It is well understood that human-caused climate change is causing sea levels to rise around the world.
Since 1901, global sea levels have risen by at least 20cm – accelerating from around 1mm a year for much of the 20th century to 4mm a year over 2006-18.
Sea level rise has significant environmental and social consequences, including coastal erosion, damage to buildings and transport infrastructure, loss of livelihoods and ecosystems.
The Intergovernmental Panel on Climate Change (IPCC) has said it is “virtually certain” that sea level will continue to rise during the current century and beyond.
But what is less clear is exactly how quickly sea levels could climb over the coming decades.
This is largely due to challenges in calculating the rate at which land ice in Antarctica – the world’s largest store of frozen freshwater – could melt.
In this article, we unpack some of the reasons why projecting the speed and scale of future sea level rise is difficult.
Drivers of sea level rise
There are three principal components of sea level rise.
First, as the ocean warms, water expands.
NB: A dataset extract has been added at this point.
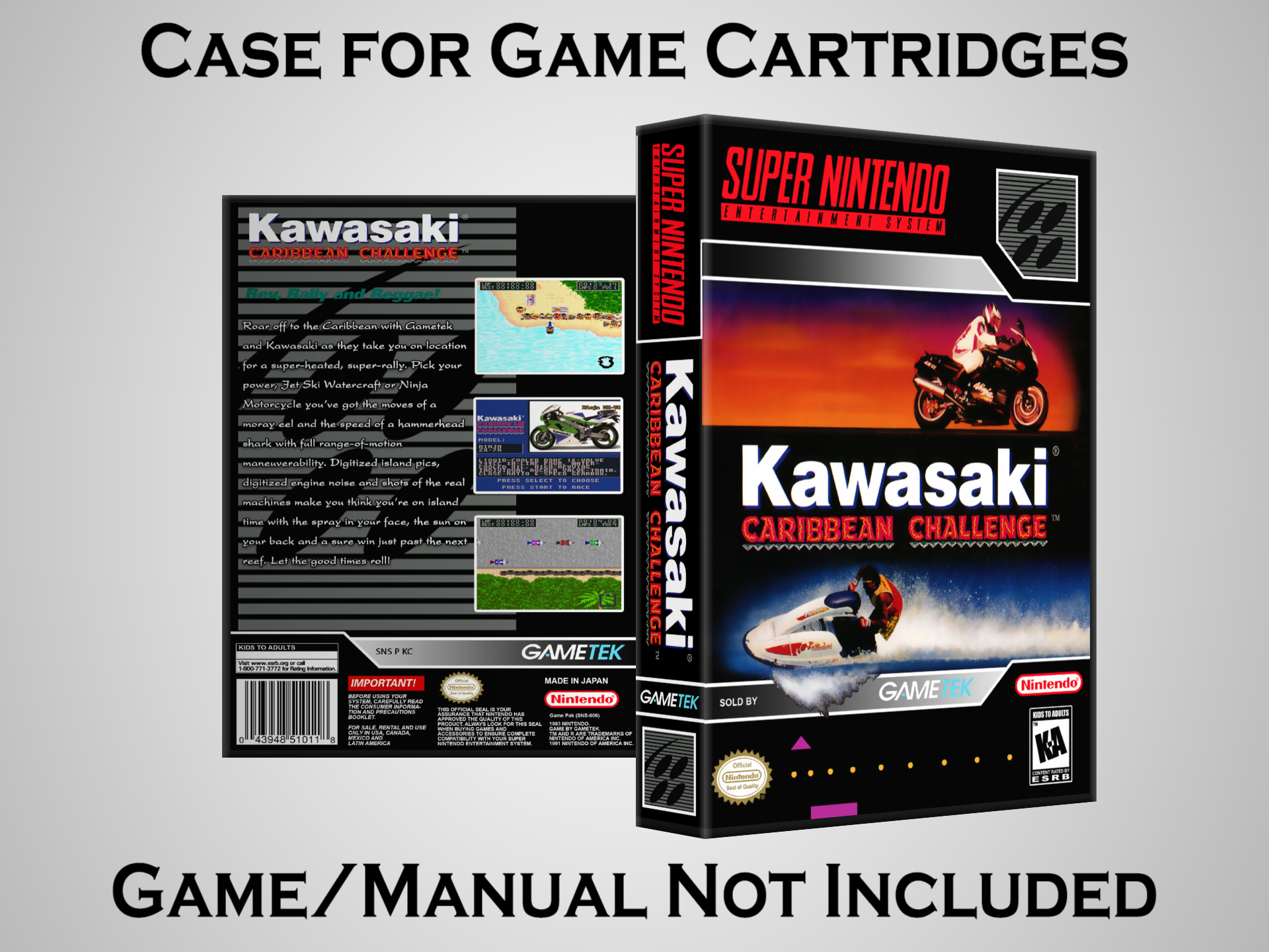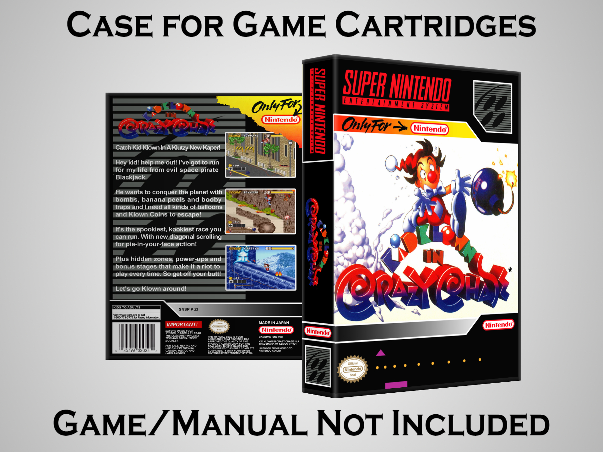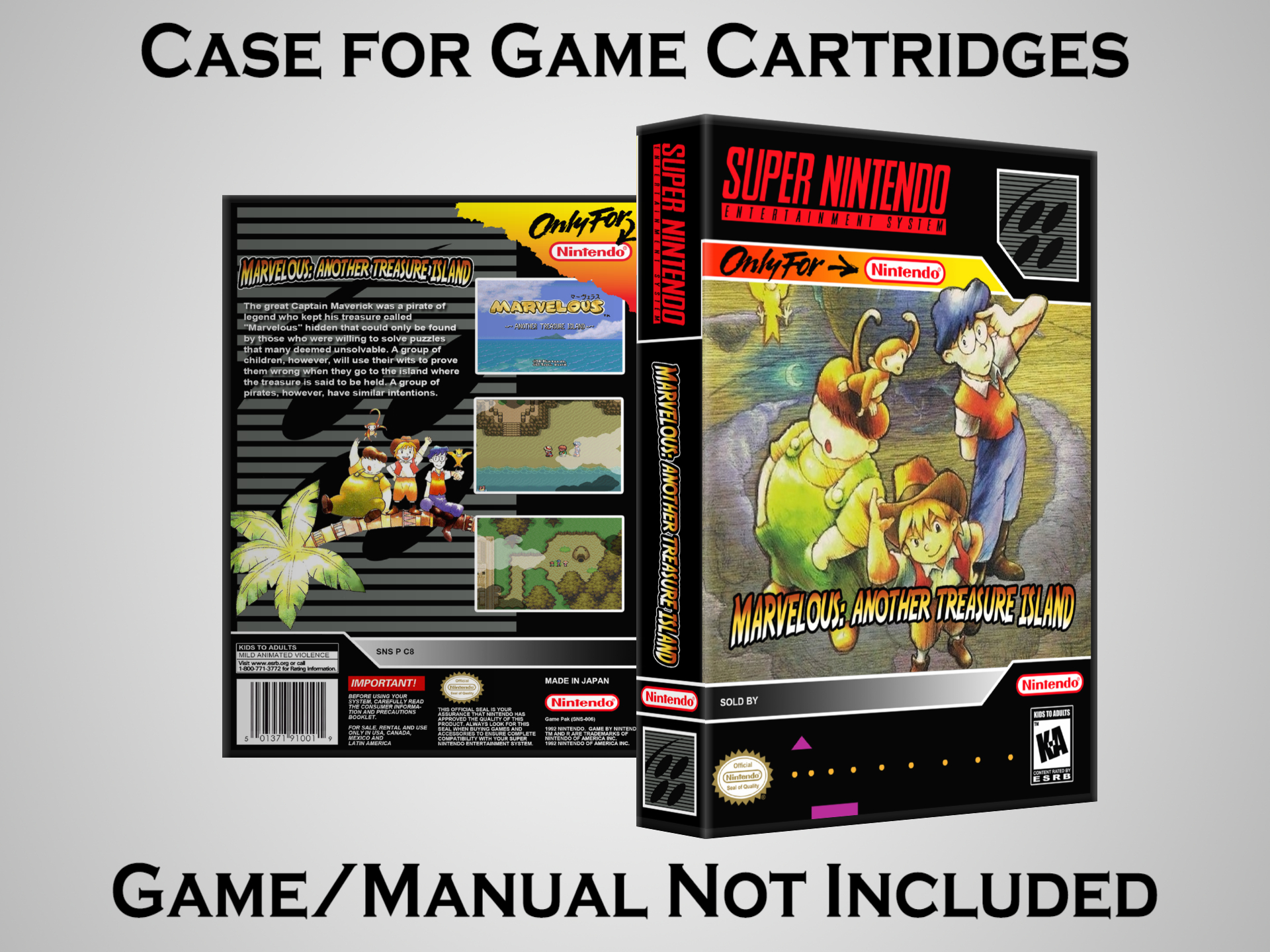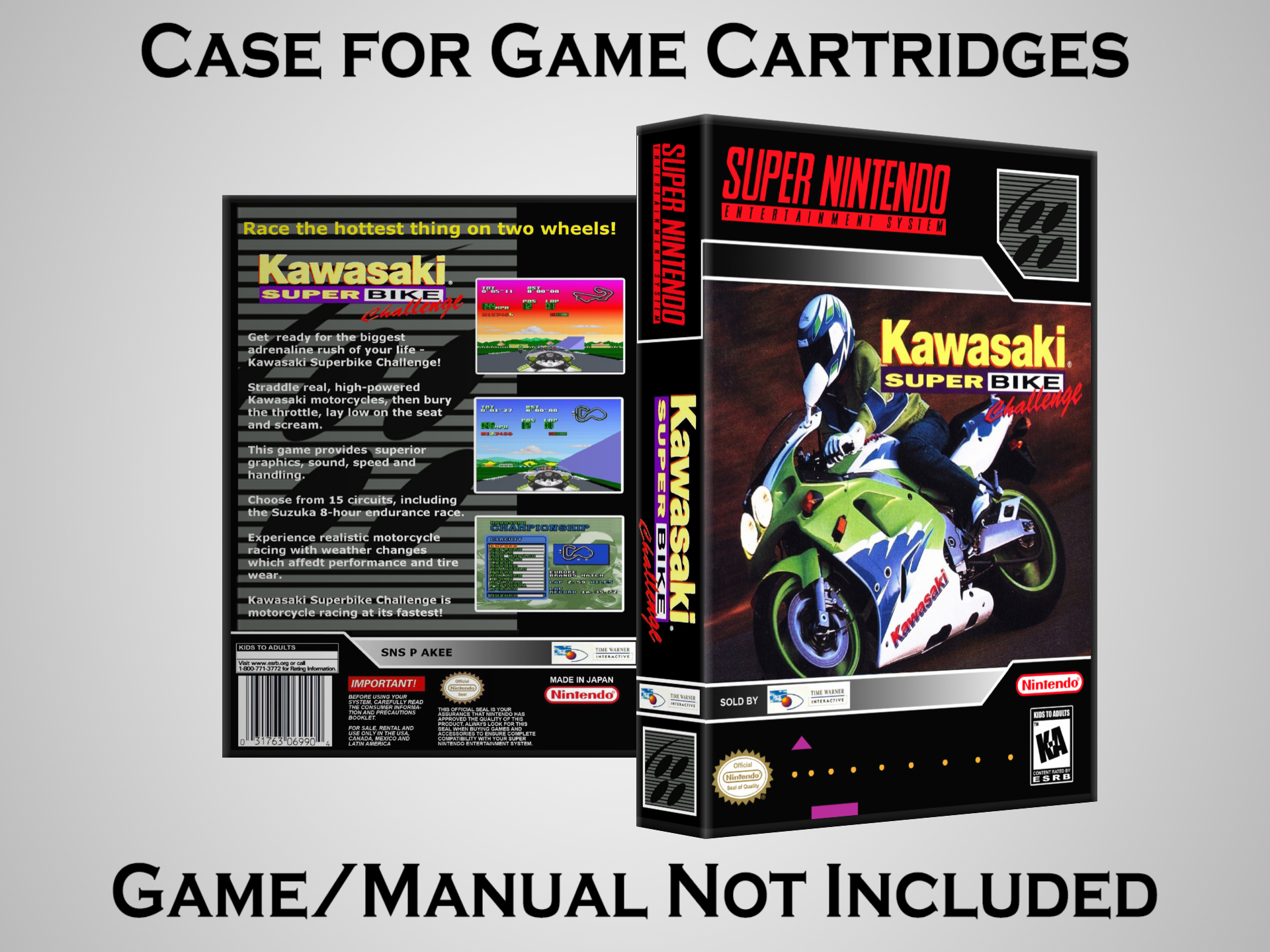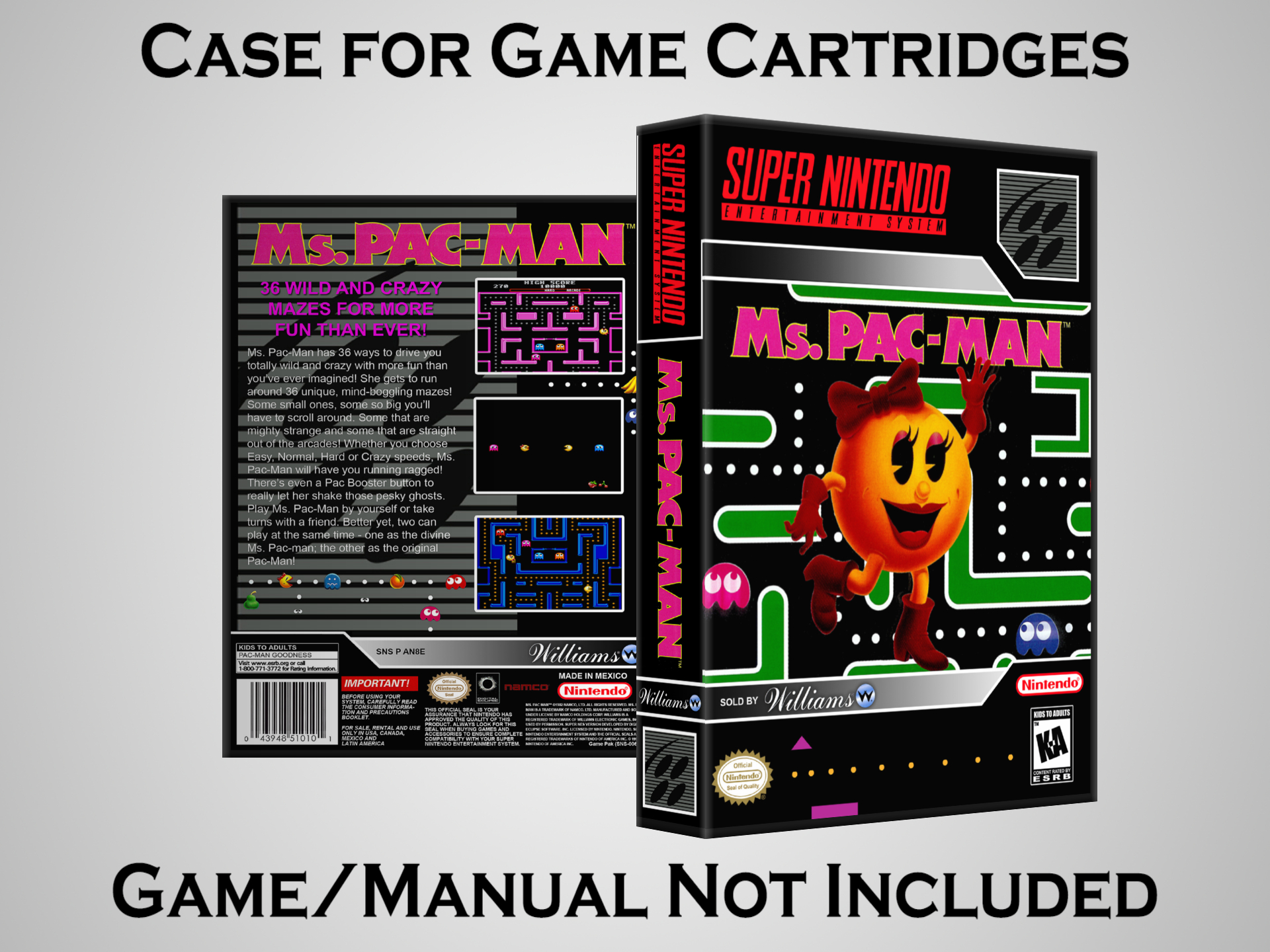 NO GAME OR MANUAL IS INCLUDED! This is NOT an original cardboard box. Case Dimensions : 7.25" x 5.25" x 1.125" Case Color : Dark Grey These cases are designed specifically to hold your Super Nintendo (SNES) cartridges. These are not the low quality Universal Game Cases that most other sellers offer. These firmly hold your cartridges in place, and include clips on the opposite side to hold the instruction manuals if you have them. Our Super Nintendo cases are split into multiple listings alphabetically due to the limit on options in one listing. You can find the rest of our cases in the following links: SNES Cases from # to F SNES Cases from G to N SNES Cases from O to S SNES Cases from T to Z Click here to find more cases in our eBay store!

This process is known as thermal expansion, a comparatively straightforward physical process.
Second, more water gets added to the oceans when the ice contained in glaciers and ice sheets on land melts and flows into the sea.
Third, changes in rainfall and evaporation – as well as the extraction of groundwater for drinking and irrigation, drainage of wetlands and construction of reservoirs – affect how much water is stored on land.
In its sixth assessment cycle (AR6), the IPCC noted that thermal expansion and melting land ice contributed almost equally to sea level rise over the past century. Changes in land water storage, on the other hand, played a minor role.
However, the balance between these three drivers is shifting.
The IPCC projects that the contribution of melting land ice – already the largest contributor to sea level rise – will increase over the coming decade as the world continues to warm.
The lion’s share of the Earth’s remaining land ice – 88% – is in Antarctica, with Greenland accounting for almost all of the rest. (Mountain glaciers in the Himalaya, Alps and other regions collectively account for less than 1% of total land ice.)
However, it is difficult to project exactly how much Antarctic ice will make its way into the sea between now and 2100.
As a result, IPCC projections cover a large range of outcomes for future sea level rise.
In AR6, the IPCC said sea levels would “likely” be between 44-76cm higher by 2100 than the 1995-2014 average under a medium-emissions scenario. However, it noted that sea level rise above this range could not be ruled out due to “deep uncertainty linked to ice sheet processes”.
The chart below illustrates the wide range of sea level rise projected by the IPCC under different warming scenarios (coloured lines) as well as a possible – but unlikely – worst-case scenario (dotted line).
The shaded areas represent the “likely range” of sea level rise under each warming scenario, calculated by analysing processes that are already well understood. The worst-case scenario dotted line represents a future where various poorly understood processes combine to lead to a very rapid increase in sea levels.
The graph shows that sea level rise increases with warming – and would climb most sharply under the “low-likelihood, high-impact” pathway.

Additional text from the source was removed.